Prompt –
Every line from the one holding "さまざまな成果を、今後の日常" through the one holding "Και μην ξεχνάς: Όλες" in the data below must be returned exactly, both ends included, with pictures left out and nothing else added.

Working data –
________________________

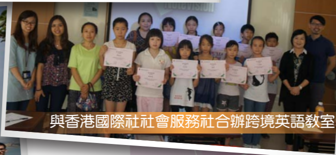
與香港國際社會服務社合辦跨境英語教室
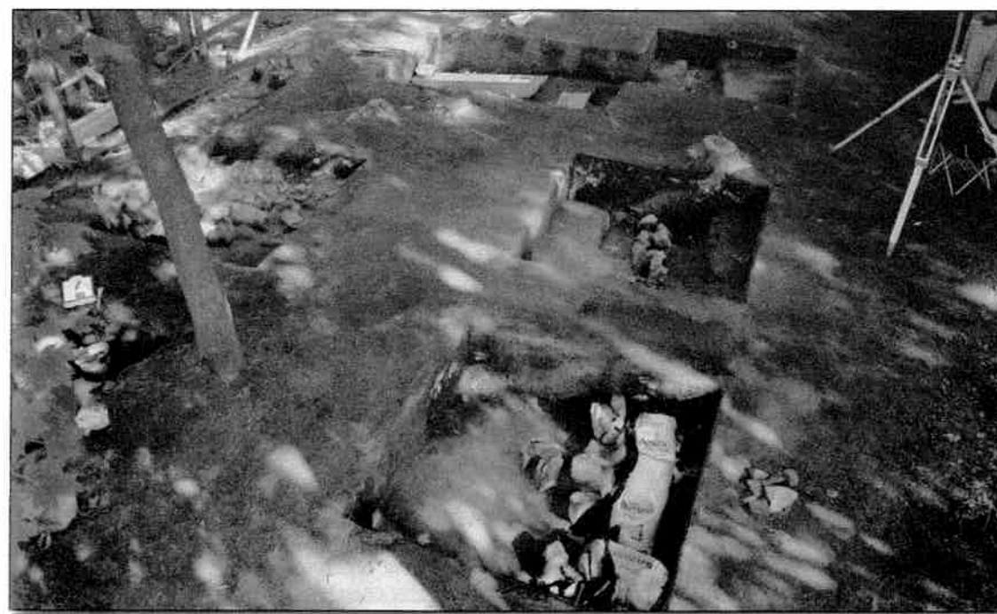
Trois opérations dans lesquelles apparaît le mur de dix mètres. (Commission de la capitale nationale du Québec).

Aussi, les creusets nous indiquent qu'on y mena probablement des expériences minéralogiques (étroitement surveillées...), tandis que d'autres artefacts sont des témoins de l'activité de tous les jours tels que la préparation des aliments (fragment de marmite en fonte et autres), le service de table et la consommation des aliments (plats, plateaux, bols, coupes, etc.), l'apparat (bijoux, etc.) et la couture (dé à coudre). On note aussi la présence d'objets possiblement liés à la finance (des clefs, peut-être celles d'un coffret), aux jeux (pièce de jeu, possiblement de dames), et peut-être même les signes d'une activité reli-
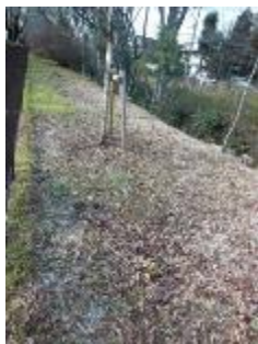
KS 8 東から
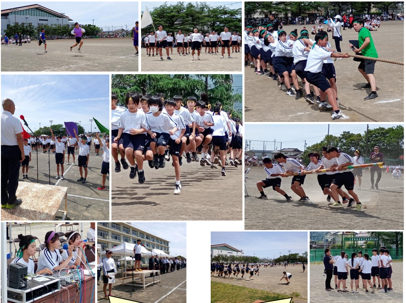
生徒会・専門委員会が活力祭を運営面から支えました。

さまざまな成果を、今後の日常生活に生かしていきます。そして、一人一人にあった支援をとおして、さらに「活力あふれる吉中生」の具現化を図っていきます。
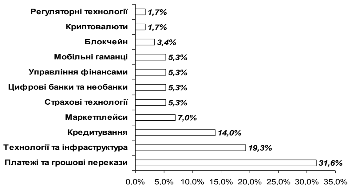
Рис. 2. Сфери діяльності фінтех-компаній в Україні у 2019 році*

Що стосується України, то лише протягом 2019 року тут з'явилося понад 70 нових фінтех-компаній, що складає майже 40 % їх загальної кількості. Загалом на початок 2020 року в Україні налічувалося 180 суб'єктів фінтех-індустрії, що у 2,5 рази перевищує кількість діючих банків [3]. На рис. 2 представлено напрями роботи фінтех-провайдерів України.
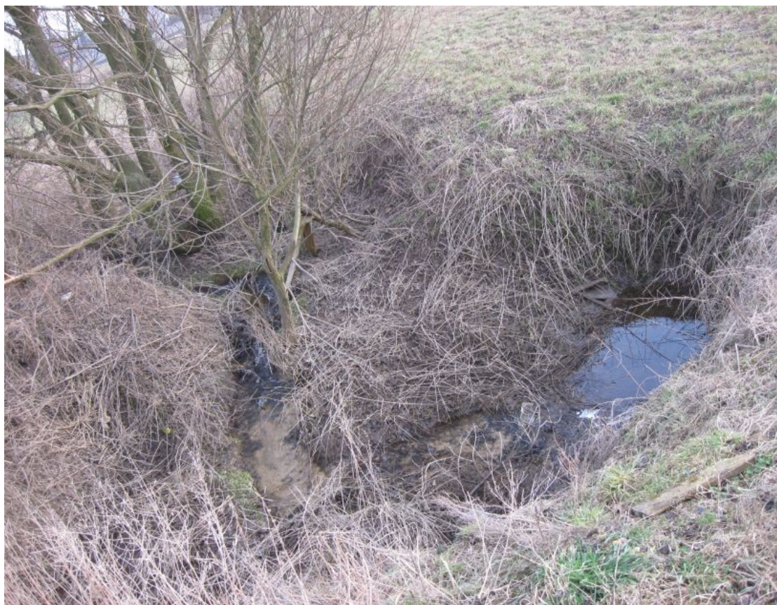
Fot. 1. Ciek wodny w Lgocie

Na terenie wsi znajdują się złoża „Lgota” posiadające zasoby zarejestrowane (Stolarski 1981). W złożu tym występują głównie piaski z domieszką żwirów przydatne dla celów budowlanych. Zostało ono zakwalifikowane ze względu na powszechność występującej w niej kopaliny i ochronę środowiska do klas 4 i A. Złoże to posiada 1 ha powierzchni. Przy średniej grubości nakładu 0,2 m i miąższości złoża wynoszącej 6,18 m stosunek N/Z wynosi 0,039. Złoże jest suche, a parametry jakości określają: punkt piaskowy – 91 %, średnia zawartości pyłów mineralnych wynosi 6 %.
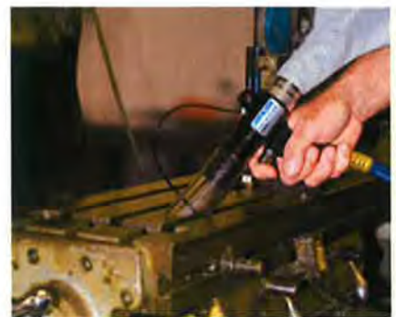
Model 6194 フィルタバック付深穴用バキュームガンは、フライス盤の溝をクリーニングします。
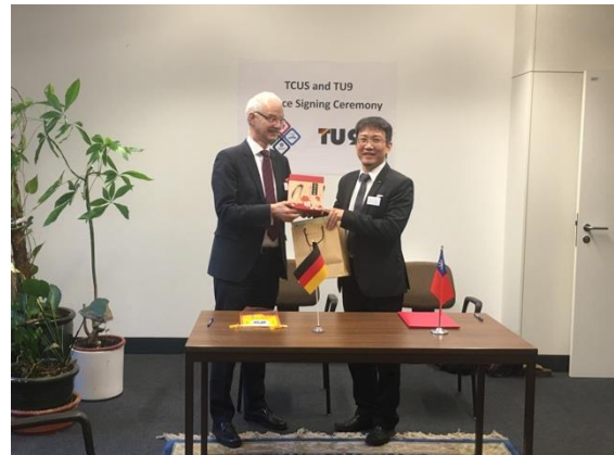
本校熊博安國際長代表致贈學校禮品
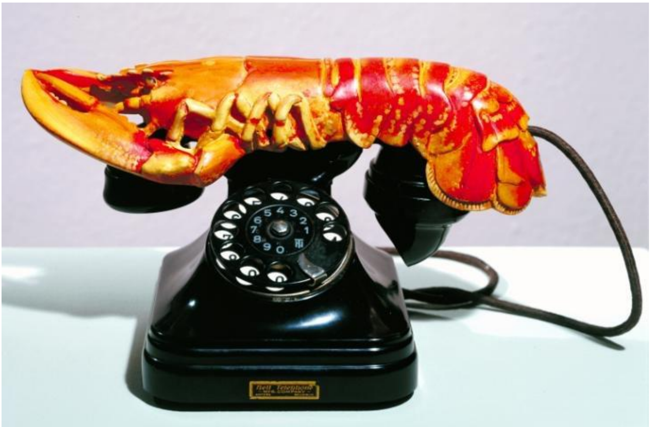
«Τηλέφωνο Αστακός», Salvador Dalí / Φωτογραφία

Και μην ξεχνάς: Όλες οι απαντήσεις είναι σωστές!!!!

________________________

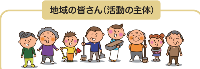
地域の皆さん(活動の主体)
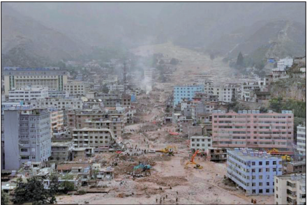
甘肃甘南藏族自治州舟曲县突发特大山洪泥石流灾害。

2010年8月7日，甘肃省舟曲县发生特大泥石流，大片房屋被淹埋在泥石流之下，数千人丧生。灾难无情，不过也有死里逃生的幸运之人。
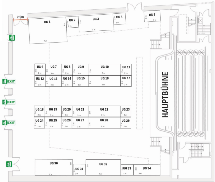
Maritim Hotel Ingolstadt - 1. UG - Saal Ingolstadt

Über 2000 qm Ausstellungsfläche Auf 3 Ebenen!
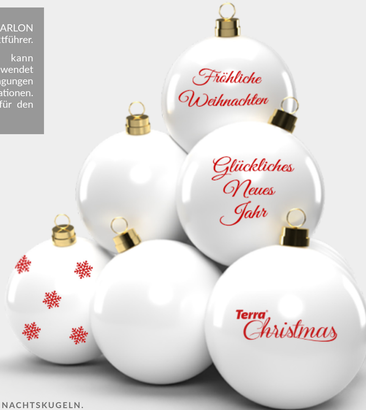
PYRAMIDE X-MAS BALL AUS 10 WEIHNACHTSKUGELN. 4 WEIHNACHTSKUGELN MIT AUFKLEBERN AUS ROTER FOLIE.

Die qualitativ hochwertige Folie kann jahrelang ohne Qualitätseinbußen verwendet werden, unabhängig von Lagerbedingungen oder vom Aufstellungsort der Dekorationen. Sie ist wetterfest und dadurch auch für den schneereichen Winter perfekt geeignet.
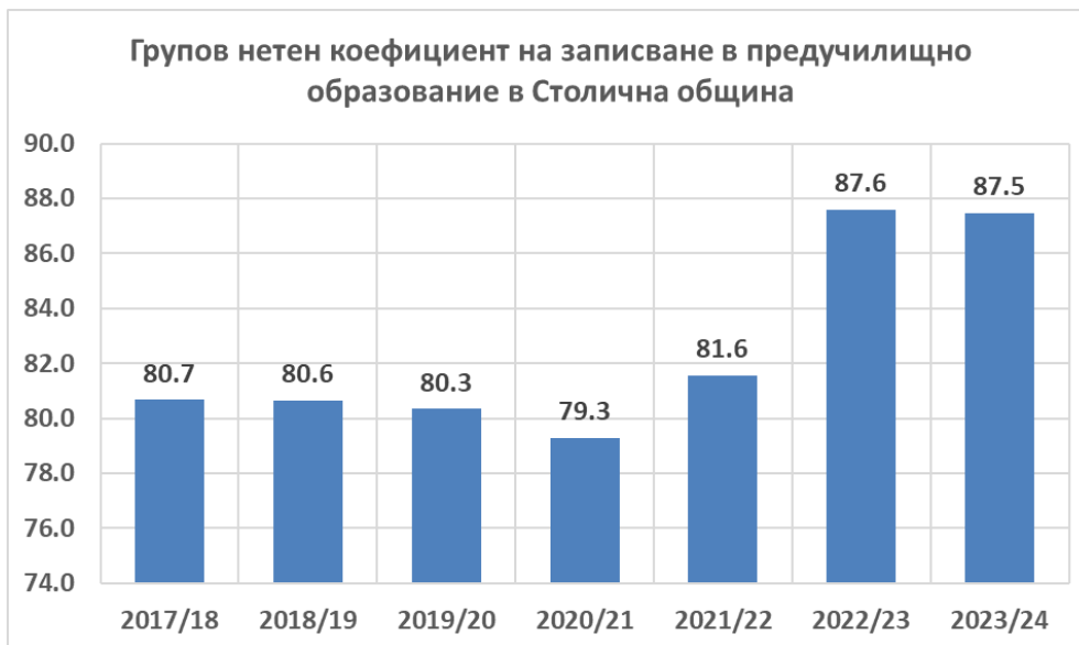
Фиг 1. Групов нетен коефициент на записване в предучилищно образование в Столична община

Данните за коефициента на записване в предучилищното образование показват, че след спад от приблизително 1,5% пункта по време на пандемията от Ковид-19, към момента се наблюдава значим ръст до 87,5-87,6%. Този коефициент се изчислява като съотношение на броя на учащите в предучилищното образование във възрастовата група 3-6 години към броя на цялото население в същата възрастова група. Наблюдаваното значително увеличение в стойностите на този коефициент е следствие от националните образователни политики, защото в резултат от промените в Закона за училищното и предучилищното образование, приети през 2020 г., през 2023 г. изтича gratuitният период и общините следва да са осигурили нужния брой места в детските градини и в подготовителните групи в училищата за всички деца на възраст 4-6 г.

________________________

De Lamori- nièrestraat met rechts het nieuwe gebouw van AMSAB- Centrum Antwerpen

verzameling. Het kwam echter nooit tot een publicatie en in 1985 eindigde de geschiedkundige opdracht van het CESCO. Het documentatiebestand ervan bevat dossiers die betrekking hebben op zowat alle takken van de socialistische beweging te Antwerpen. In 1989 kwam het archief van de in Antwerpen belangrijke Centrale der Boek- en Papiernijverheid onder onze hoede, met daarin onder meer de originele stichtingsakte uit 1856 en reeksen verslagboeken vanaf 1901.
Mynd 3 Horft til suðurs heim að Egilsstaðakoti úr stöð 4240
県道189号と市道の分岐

________________________

Solution –
さまざまな成果を、今後の日常生活に生かしていきます。そして、一人一人にあった支援をとおして、さらに「活力あふれる吉中生」の具現化を図っていきます。
Рис. 2. Сфери діяльності фінтех-компаній в Україні у 2019 році*

Що стосується України, то лише протягом 2019 року тут з'явилося понад 70 нових фінтех-компаній, що складає майже 40 % їх загальної кількості. Загалом на початок 2020 року в Україні налічувалося 180 суб'єктів фінтех-індустрії, що у 2,5 рази перевищує кількість діючих банків [3]. На рис. 2 представлено напрями роботи фінтех-провайдерів України.
Fot. 1. Ciek wodny w Lgocie

Na terenie wsi znajdują się złoża „Lgota” posiadające zasoby zarejestrowane (Stolarski 1981). W złożu tym występują głównie piaski z domieszką żwirów przydatne dla celów budowlanych. Zostało ono zakwalifikowane ze względu na powszechność występującej w niej kopaliny i ochronę środowiska do klas 4 i A. Złoże to posiada 1 ha powierzchni. Przy średniej grubości nakładu 0,2 m i miąższości złoża wynoszącej 6,18 m stosunek N/Z wynosi 0,039. Złoże jest suche, a parametry jakości określają: punkt piaskowy – 91 %, średnia zawartości pyłów mineralnych wynosi 6 %.
Model 6194 フィルタバック付深穴用バキュームガンは、フライス盤の溝をクリーニングします。
本校熊博安國際長代表致贈學校禮品
«Τηλέφωνο Αστακός», Salvador Dalí / Φωτογραφία

Και μην ξεχνάς: Όλες οι απαντήσεις είναι σωστές!!!!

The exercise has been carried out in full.